* * *
И лица, вспыхнувшие из темноты,
и взгляды неба в голых ветвях марта,
и беспричинная радость –
все это не дает уйти
вовремя и с достоинством
и, превращаясь в молитву,
п р
о д л е в а е т
твою неоправданность здесь,
твои следы на теле земли,
слова твои, впитанные воздухом,
мысли, Бог знает, куда уходящие –
все, что развоплощает твой плен,
делает легче и вопросительней
твое существование.
*
* *
Асе
Повиснет
день, не веря в летний дар,
продлится обещаньем приключений.
Ты – во дворе, на маленьких качелях,
как я тогда… но слишком образ стар.
Ты затаилась. Под панамой – взгляд
сияет, заражая ликованьем.
Твой быт насыщен солнцем и купаньем,
и тропками с шажками наугад.
А мы глазеем – зрители едва ль,
родители, что опоздали к сроку.
Нам грустно, ибо выпало немного
Любить тебя – под быстрое раз-два
Мы смотрим сны в зашторенном углу
где мы летаем так же – без усилий,
где все легко, не нужно брать Бастилий,
доказывая миру правоту.
Мы видим сны, похожие на нас
вчерашних – молодых и невесомых,
стремительных, бесстрашных и бессонных,
не отложивших время про запас,
когда, вполне стабильная чета,
не верящая в завтрашние сводки
со всем, что остается во вчера
расстанется не радостно, но кротко.
*
* *
Я тебя отлучу от музыки,
как от церкви, предам анафеме –
и полоска просвета сузится
до размера субконтроктавы.
Бог не сможет пролезть в щелочку,
где молились две ноты тесные,
храм запрёт и замком щелкнет,
выбрав ключ не скрипичный – железный.
Этот тембр – темней вечера,
глубже не-наступающей полночи
разве голосом человеческим
на регистре грудном исполнится?
А взлетать выше капель – вздорный стиль,
неба третью октаву не вытянуть.
Струны-струи текут уже в горле и
связки мокрые тянут на дыбу.
Это в воздухе провод-септима
целый такт завершает проводы.
Разрешение будет медленным –
здесь автобусы ходят плохо.
Дождь бросает стаккато-камешки,
я – попытку звучать вместе.
За Орфеем бы шла по клавишам,
только он возвращается к песням.
Авангарду не стать классикой,
не спасешься сонатой Лунной,
если вдруг фонари погасят – и
я по слуху домой побредумаю.
По дороге церквушка вспыхнет, где
безыскусно поют Благовещенье.
Служба кончится к нашему выходу
из гармоний, не годных для вечности.
Вот глиссандо летит на кафедру,
атональности клясть бесовские.
Но заслышав хоралы ангелов,
вдруг застынет на ноте высокой.
И тогда затаив дыхание
на последней неловкой паузе,
я забуду, какими гаммами
шла к тебе – забывать о классиках.
*
* *
Птица во мне мешала ходить по земле.
В детстве меня находили
то на деревьях щебечущей песню,
то на заборе, хвастающей искусством равновесия.
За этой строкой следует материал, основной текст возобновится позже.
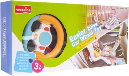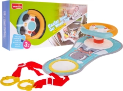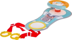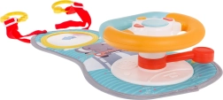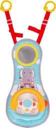 Les dimensions de l'ensemble sont d'environ 43 cm x 21 cm x 10 cm et il est facile à fixer sur l'appui-tête du siège. Le jouet est conçu uniquement pour les enfants assis face à la route et non pour les nourrissons orientés dans le sens inverse de la marche. La stimulation des sens de l'enfant se fait par le son et la lumière.

Разбитые коленки, поломанный мениск –
я еще хорошо отделалась,
если к середине жизни не разучилась ходить.
Животное во мне тянуло к теплой земле,
сворачивалось в клубок на руках мужчины,
впадало в спячку.
Животное пыталось быть травоядным,
не убивать других, прятаться от ран света в своей норе.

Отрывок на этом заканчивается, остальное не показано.